EXERCISE INSTRUCTIONS:
Pictures stay out; please output the remaining data exactly.

MATERIAL PROVIDED:

▼

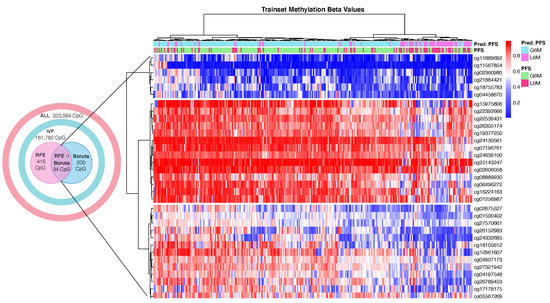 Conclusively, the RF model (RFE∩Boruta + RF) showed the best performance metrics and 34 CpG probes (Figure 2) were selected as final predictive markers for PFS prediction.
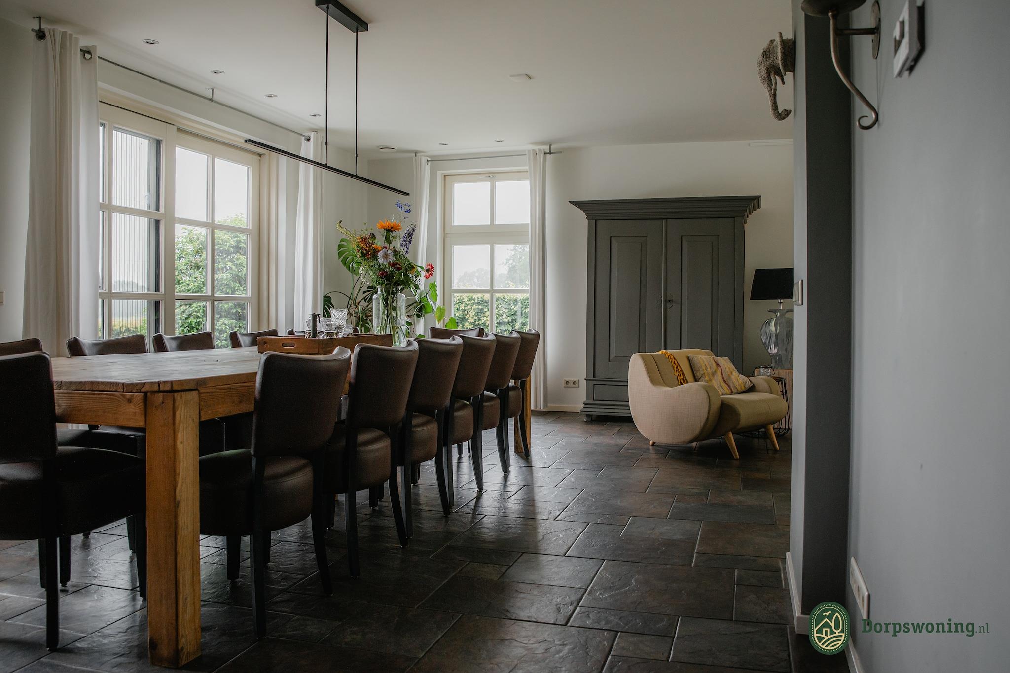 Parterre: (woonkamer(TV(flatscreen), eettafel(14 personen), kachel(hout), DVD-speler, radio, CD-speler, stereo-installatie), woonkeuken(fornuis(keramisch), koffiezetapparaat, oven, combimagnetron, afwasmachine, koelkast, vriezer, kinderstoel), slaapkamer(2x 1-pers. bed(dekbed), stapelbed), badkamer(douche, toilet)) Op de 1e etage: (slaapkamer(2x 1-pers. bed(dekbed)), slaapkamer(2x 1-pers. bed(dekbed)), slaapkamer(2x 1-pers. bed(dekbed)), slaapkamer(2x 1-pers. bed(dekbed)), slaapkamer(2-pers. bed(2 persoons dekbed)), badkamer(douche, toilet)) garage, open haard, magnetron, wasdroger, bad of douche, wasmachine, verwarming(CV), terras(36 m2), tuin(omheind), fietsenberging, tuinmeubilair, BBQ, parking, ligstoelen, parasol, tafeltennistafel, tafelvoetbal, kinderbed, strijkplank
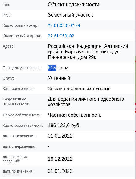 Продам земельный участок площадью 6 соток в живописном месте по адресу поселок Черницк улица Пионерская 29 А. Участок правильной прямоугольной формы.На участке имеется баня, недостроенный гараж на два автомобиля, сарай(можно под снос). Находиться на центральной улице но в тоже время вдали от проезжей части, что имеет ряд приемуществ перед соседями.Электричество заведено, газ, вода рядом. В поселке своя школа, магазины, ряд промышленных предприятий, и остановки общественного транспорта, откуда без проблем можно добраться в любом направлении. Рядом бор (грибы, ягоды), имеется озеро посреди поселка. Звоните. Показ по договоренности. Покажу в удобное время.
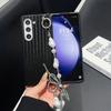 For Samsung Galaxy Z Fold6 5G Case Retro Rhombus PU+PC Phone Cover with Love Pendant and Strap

▲

TASK SOLUTION:
 Conclusively, the RF model (RFE∩Boruta + RF) showed the best performance metrics and 34 CpG probes (Figure 2) were selected as final predictive markers for PFS prediction.
 Parterre: (woonkamer(TV(flatscreen), eettafel(14 personen), kachel(hout), DVD-speler, radio, CD-speler, stereo-installatie), woonkeuken(fornuis(keramisch), koffiezetapparaat, oven, combimagnetron, afwasmachine, koelkast, vriezer, kinderstoel), slaapkamer(2x 1-pers. bed(dekbed), stapelbed), badkamer(douche, toilet)) Op de 1e etage: (slaapkamer(2x 1-pers. bed(dekbed)), slaapkamer(2x 1-pers. bed(dekbed)), slaapkamer(2x 1-pers. bed(dekbed)), slaapkamer(2x 1-pers. bed(dekbed)), slaapkamer(2-pers. bed(2 persoons dekbed)), badkamer(douche, toilet)) garage, open haard, magnetron, wasdroger, bad of douche, wasmachine, verwarming(CV), terras(36 m2), tuin(omheind), fietsenberging, tuinmeubilair, BBQ, parking, ligstoelen, parasol, tafeltennistafel, tafelvoetbal, kinderbed, strijkplank
 Продам земельный участок площадью 6 соток в живописном месте по адресу поселок Черницк улица Пионерская 29 А. Участок правильной прямоугольной формы.На участке имеется баня, недостроенный гараж на два автомобиля, сарай(можно под снос). Находиться на центральной улице но в тоже время вдали от проезжей части, что имеет ряд приемуществ перед соседями.Электричество заведено, газ, вода рядом. В поселке своя школа, магазины, ряд промышленных предприятий, и остановки общественного транспорта, откуда без проблем можно добраться в любом направлении. Рядом бор (грибы, ягоды), имеется озеро посреди поселка. Звоните. Показ по договоренности. Покажу в удобное время.
 For Samsung Galaxy Z Fold6 5G Case Retro Rhombus PU+PC Phone Cover with Love Pendant and Strap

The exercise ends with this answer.